UK: Weekly Update - A Summary Of Recent Developments In Insurance, Reinsurance And Litigation Law

Last Updated: 1 April 2010
Article by Nigel Brook

This Week's Case law

Sylvia Shipping v Progress Bulk Carriers

Test for remoteness of damages

The generally accepted test for remoteness of damages is whether the loss claimed is of the kind or type which it would have been within the reasonable contemplation of the parties, at the time that the contract was made, as being not unlikely to result (the "orthodox" approach). However, after the recent House or Lords case of The Achilleas [2009], doubts have arisen as to whether that test is sufficient. In The Achilleas, two of their lordships decided the case on the orthodox approach. However, two of them decided it on the "broader" approach, namely, not only must the parties be taken to have had the type of loss within their contemplation, they must also be taken to have assumed legal responsibility for that type of loss.
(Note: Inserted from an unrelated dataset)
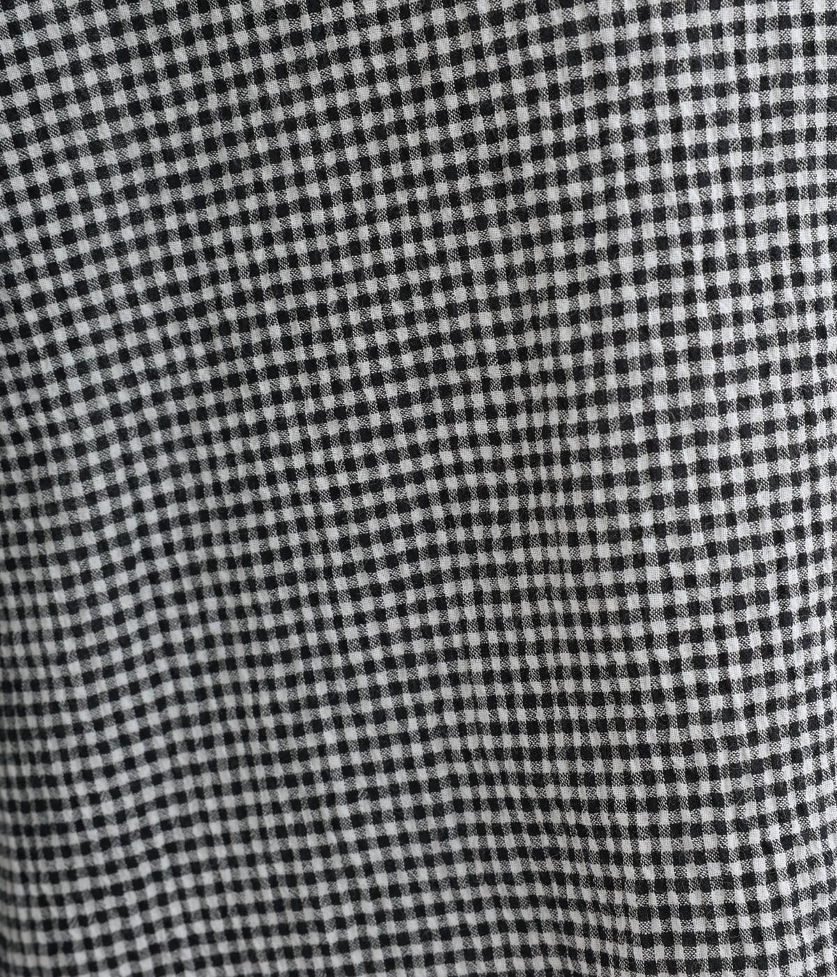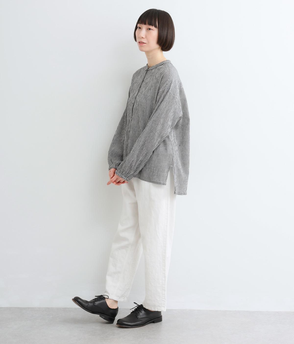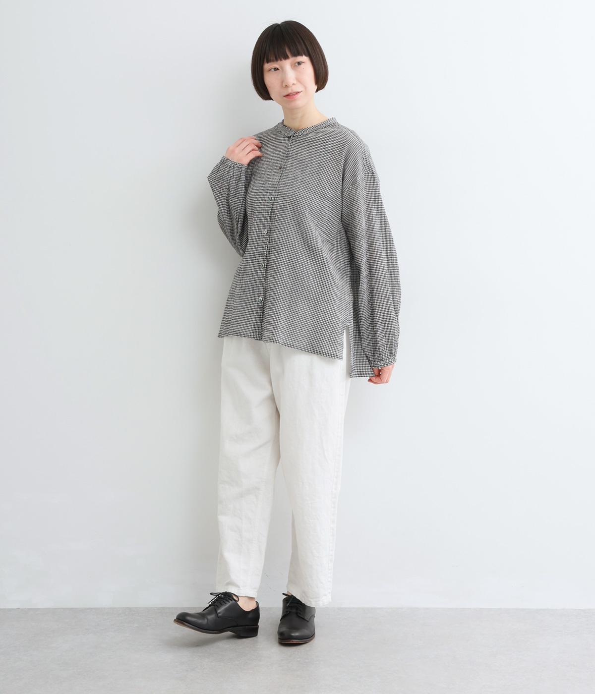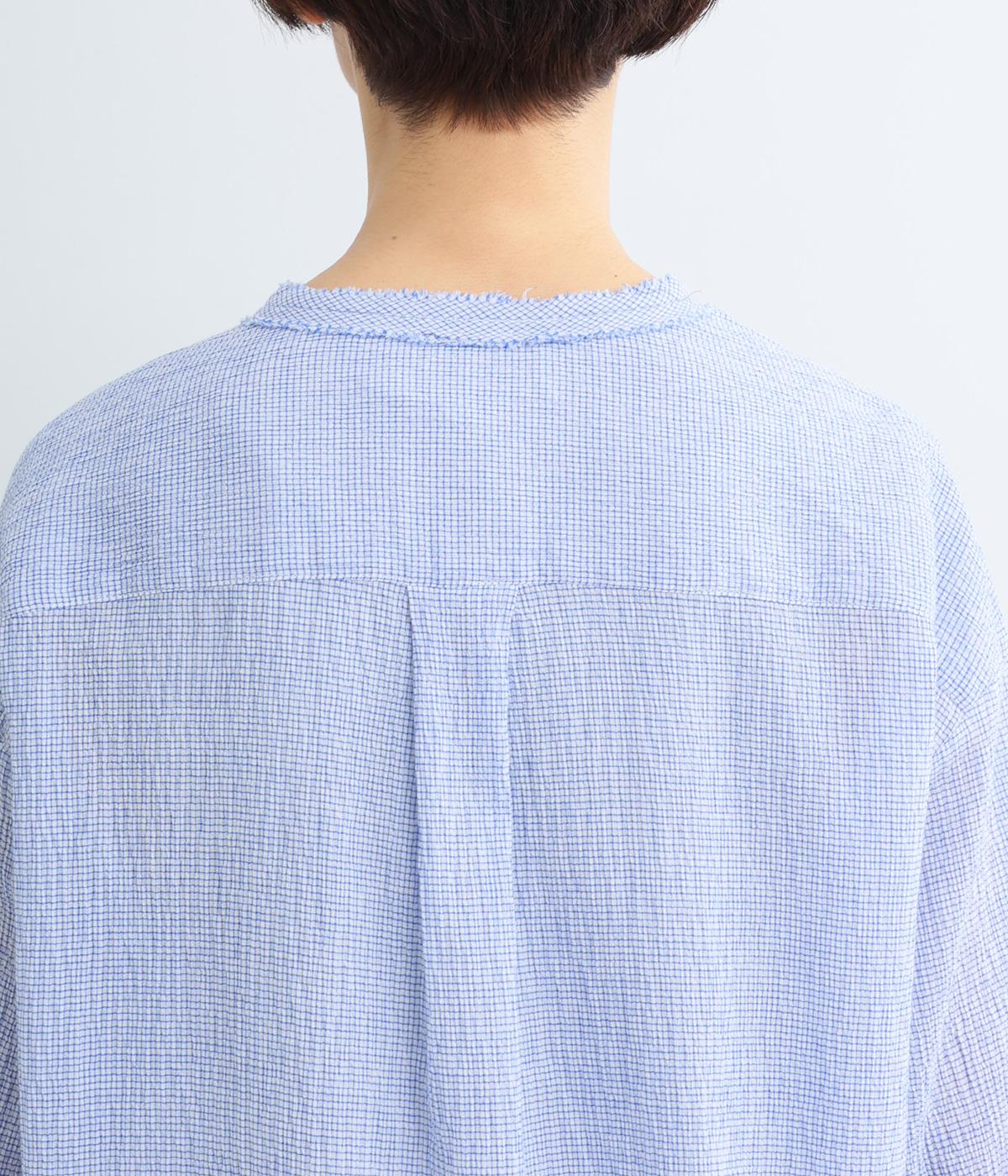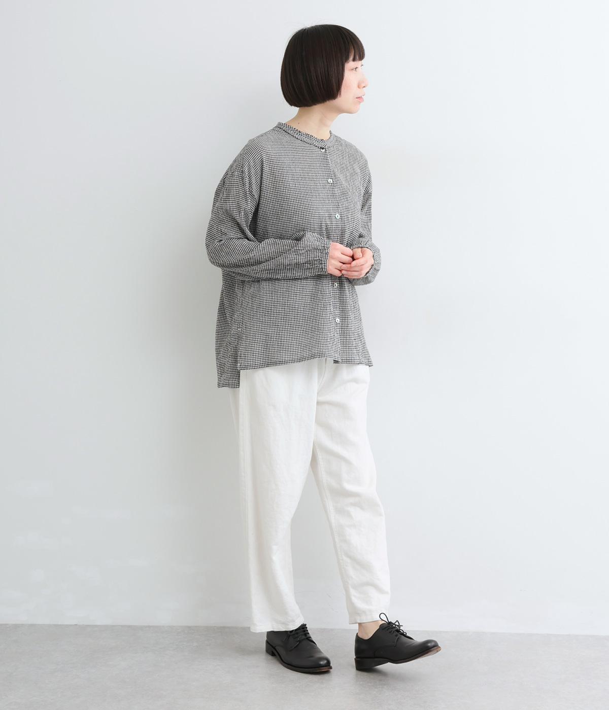 強撚糸のコットンにストレッチ糸を織り込み、自然なシワ感を表現した素材です。シャリ感のあるドライなタッチで、さらりとした肌ざわりに。扱いやすく、日常使いに取り入れやすい仕上がりです。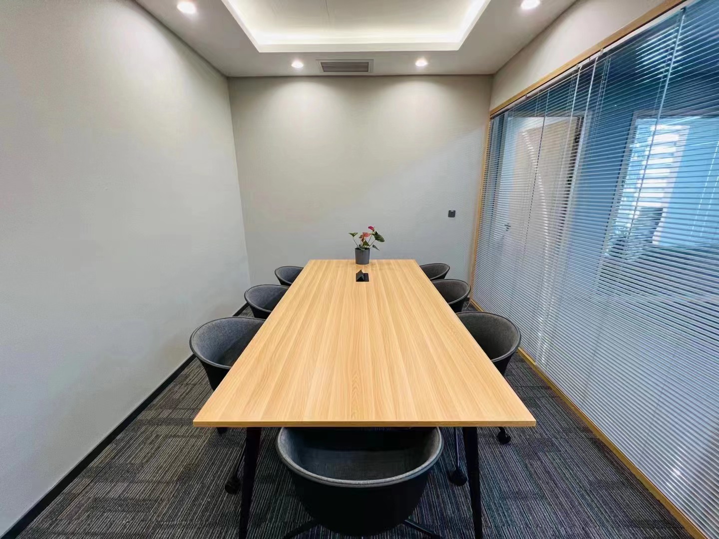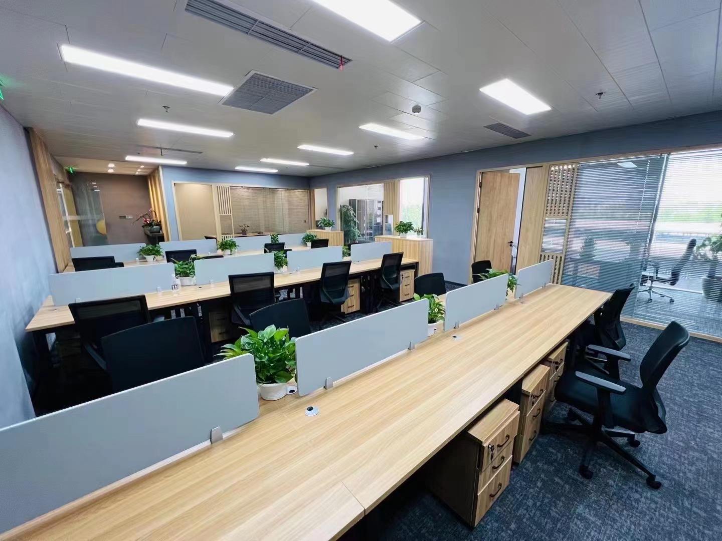 内部格局: 25-30人工位区、【2个老板间、4个经理室、2个会议室、1个会客区】9个到顶隔断,工区宽敞明亮。

The remaining judge gave a judgment which contained elements of the reasoning of both approaches.

In this case, Hamblen J concluded that the rationale of assumption of responsibility had the support of the majority in The Achilleas. He said: "The orthodox approach remains the general test of remoteness applicable in the great majority of cases. However, there may be "unusual" cases...in which the context, surrounding circumstances or general understanding in the relevant market make it necessary specifically to consider whether there has been an assumption of responsibility. This is most likely to be in those relatively rare cases where the application of the general test leads or may lead to an unquantifiable, unpredictable, uncontrollable or disproportionate liability or where there is clear evidence that such a liability would be contrary to market understanding and expectations".
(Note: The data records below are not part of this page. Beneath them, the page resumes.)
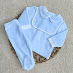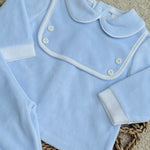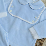 Keep your little one cozy and stylish with this luxurious 2-piece velour baby set, available in sizes 3, 6, and 9 months. This charming outfit includes a soft long-sleeved top with a Peter Pan collar and button detail on the chest, paired with matching footed pants for all-day comfort.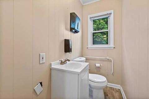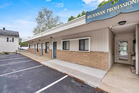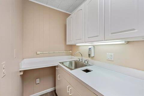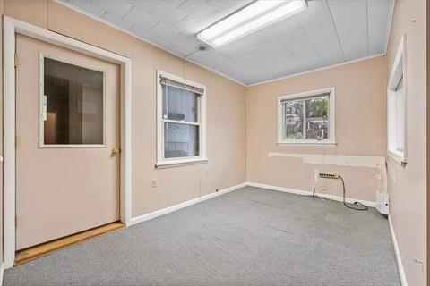 This commercial rental offers a functional layout including two private offices or client rooms, a designated waiting area, and a front reception desk. The unit is further equipped with a kitchenette and one bathroom. Tenants will appreciate the abundance of off-street parking and the ease of access. This adaptable space can accommodate various business types, including professional offices (real estate, insurance, bank), personal services (beauty/barber), and potentially some retail or food-related ventures.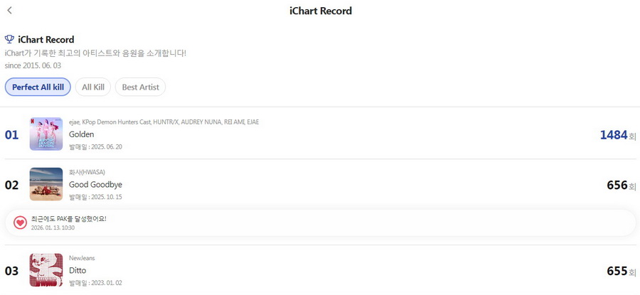 Good Goodbye แซง Ditto ขึ้นเป็นอันดับสองเพลงที่ได้ PAK มากที่สุดในประวัติศาสตร์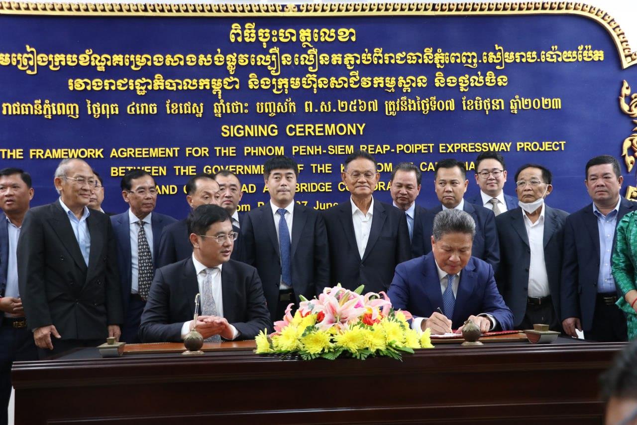 (ភ្នំពេញ)៖​ លោកទេសរដ្ឋមន្ត្រី ស៊ុន ចាន់ថុល រដ្ឋមន្ត្រីក្រសួងសាធារណការ និងដឹកជញ្ជូន​ នារសៀលថ្ងៃទី០៧​ ខែមិថុនា​ ឆ្នាំ២០២៣នេះ​ បានចុះហត្ថលេខាលើកិច្ចព្រមព្រៀងក្របខ័ណ្ឌ គម្រោងសាងសង់ផ្លូវល្បឿនលឿន តភ្ជាប់ពីរាជធានីភ្នំពេញ-សៀមរាប-ប៉ោយប៉ែត ជាមួយលោកតំណាងក្រុមហ៊ុនសាជីវកម្មស្ពាន និងថ្នល់ចិន (CRBC) នៅទីស្តីការក្រសួងសាធារណការ និងដឹកជញ្ជូន។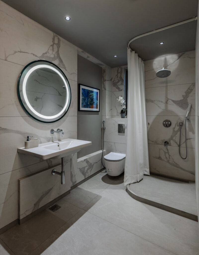For the more intimate residential areas, Essenze Rovere Chiaro is used to add depth and a natural warmth through its wood-inspired surface. Its refined grain and chromatic richness create a sense of comfort and personalization, while preserving the project’s controlled and contemporary aesthetic. In the bathrooms, Statuario Rigato introduces a strong architectural accent, with its bright background and linear veining enhancing verticality and light reflection, giving these spaces a more expressive yet balanced identity.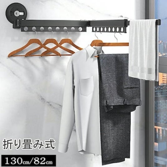 壁付け 洗濯物干し(ショップ名:SOOL)吸盤で壁に取り付けられるウォールハンガー。折り畳み式且つ伸縮可能なので、洗濯物の量に合わせて長さ調節できる!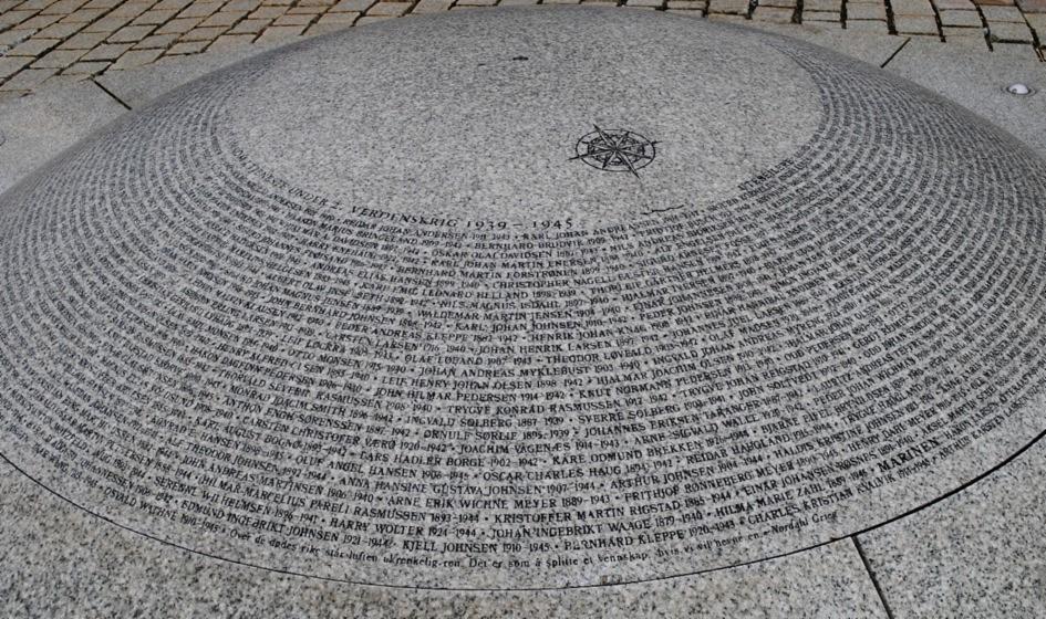 Omgitt av sjø og båter står Shetlands-Larsen ved roret og fører sin skøyte trygt mot land. Rett foran ham stiger en halvkule opp fra bryggen. Linje etter linje med svarte bokstaver og tall snor seg rundt steinen. Det er minnesmerket Nordstjernen som er plassert her. Bokstavene utgjør navnene til de 514 sjøfolkene fra Bergen som ikke kom hjem fra sjøen etter andre verdenskrig.

In The Achilleas, the House of Lords had held that where there was a breach of a contract (which caused the shipowners to fail to deliver a vessel in time), the owners were not entitled to the difference between the original and the renegotiated rates of hire. In this case, shipowners had breached their contractual maintenance obligations and so a sub-charter made by the charterers was cancelled. The arbitrators held that the charterers were entitled to the loss of profit on the cancelled sub-charter. Hamblen J held that the arbitrators had not made any error of law. This was not one of those "unusual" cases in which it might be said that assumption of responsibility had to be addressed.

On a separate note, the judge also reiterated that on an appeal from an arbitration award, the only documents which should be put before the court should be the award itself and the relevant contract. Unless clearly incorporated by reference, other arbitration documents (eg submissions from the arbitration) will usually be irrelevant and inadmissible (and the same applies to applications for permission to appeal, unless there is a disputed issue as to whether the question of law was one which the tribunal was asked to determine).

Scullion v Bank of Scotland Plc

Surveyor's negligence case and duty to buy-to-let purchaser (of possible interest to PI insurers)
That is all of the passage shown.